» Work instruction
No picture belongs in the answer, which must hold exactly the lines from the one with "小樽駅に向かう電車はほぼ満員" through the final line below.

» Input material

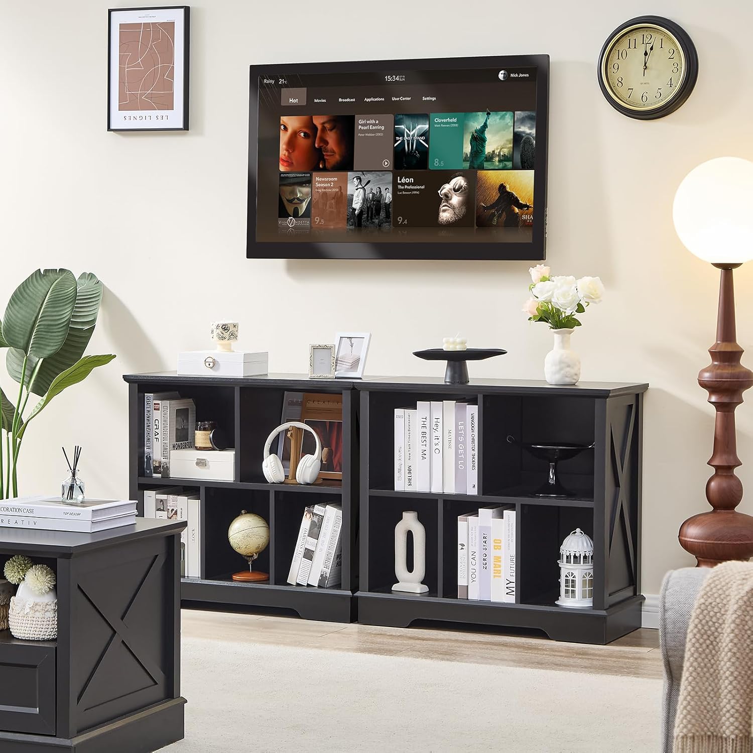 - Stable and Durable Structure: This farmhouse style bookshelf is durable and made of high-quality and durable wood, reinforced with heavy-duty frames. The X-shaped side panel not only enhances its visual appeal, but also contributes to its structural stability. The thickened base ensures a non swinging and anti tipping design, making it a safe and reliable choice for your home
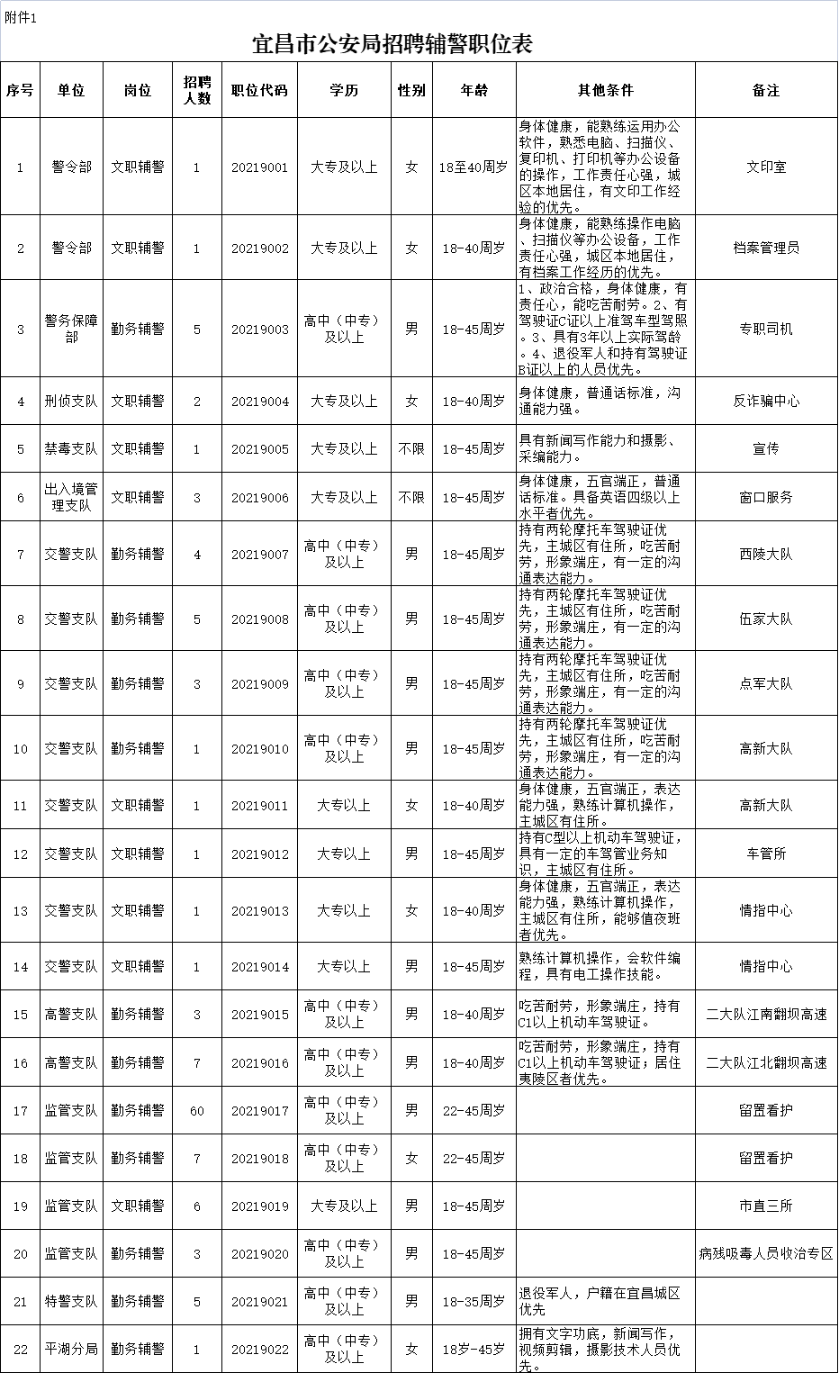 各职位具体条件详见《宜昌市公安局招聘辅警职位表》(附件1),各职位计算年龄截止时间均为2021年10月9日。
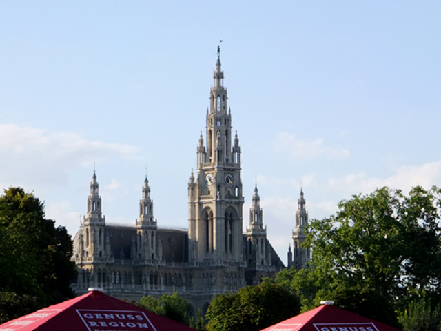儘管跟在貝爾維迪宮一樣,不知遇上啥活動,一堆白色帳篷跟擁擠人潮遮擋了那兒的人民公園,不過在視線的遠方,能見到環城大道邊的市政廳於藍天中勾出輪廓,細碎尖拱尖錐精緻撐起中高側低的五座高塔,潔白身姿帶著纖弱的美感,想進前端看,但很黯然地,現實卻令我只能在遠方與其遙遙對望。
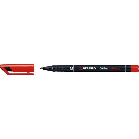 Marker Stabilo OHPen 843 M permanent piros Szinte minden sima felületen használható Csúszásmentes fogózóna és praktikus csiptető Vonalvastagság: 1 mm Akár 3 napig kupak nélkül hagyható
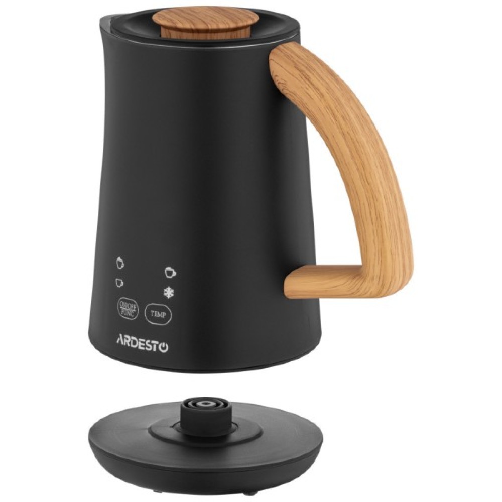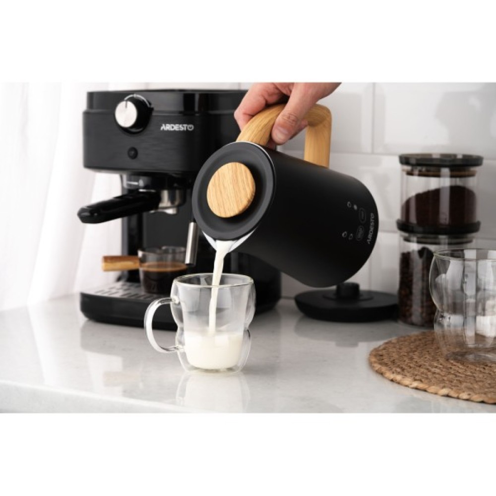 Спінювач молока ARDESTO MBC-Y500B – це компактний та ефективний пристрій для приготування стійкої молочної піни для улюблених напоїв. Вироблена з якісного пластику чорного кольору, модель не тільки вдало пасуватиме чи не до будь-якого інтер’єру кухні, але й слугуватиме впродовж тривалого часу. Спінювач вирізняється високою потужністю (500 Вт) – можливість збивати бездоганну піну за лічені хвилини. Чотири режими: тепле молоко з густою щільною пінкою; тепле молоко зі звичайною пінкою; підігрівання молока (або іншої рідини, навіть вина для глінтвейну) з регулюванням температури 45/60/70/80 °C; спінювання без підігрівання
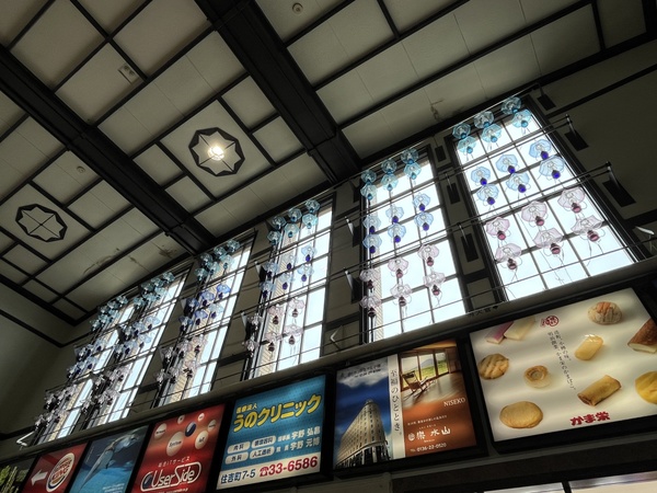 小樽駅に向かう電車はほぼ満員。といってもギュウギュウなわけではなく、席は全部埋まっていてつり革を持っている人が数人いるくらいの込み具合。ベビーカーを押す家族連れや外国人観光客の姿も多く見られました。
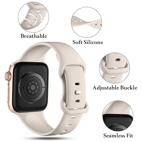 Sản phẩm CeMiKa Compatible with Apple Watch Strap 41mm 40mm 38mm 42mm, Silicone Sport Band Replacement Straps Compatible with Apple Watch Series 11 10 9 8 7 6 5 4 3 2 1 SE SE3, Women Men, Starlight đang được bán với giá ưu đãi là $7.8589 tại nước Anh.

» Solution to this task
 小樽駅に向かう電車はほぼ満員。といってもギュウギュウなわけではなく、席は全部埋まっていてつり革を持っている人が数人いるくらいの込み具合。ベビーカーを押す家族連れや外国人観光客の姿も多く見られました。
 Sản phẩm CeMiKa Compatible with Apple Watch Strap 41mm 40mm 38mm 42mm, Silicone Sport Band Replacement Straps Compatible with Apple Watch Series 11 10 9 8 7 6 5 4 3 2 1 SE SE3, Women Men, Starlight đang được bán với giá ưu đãi là $7.8589 tại nước Anh.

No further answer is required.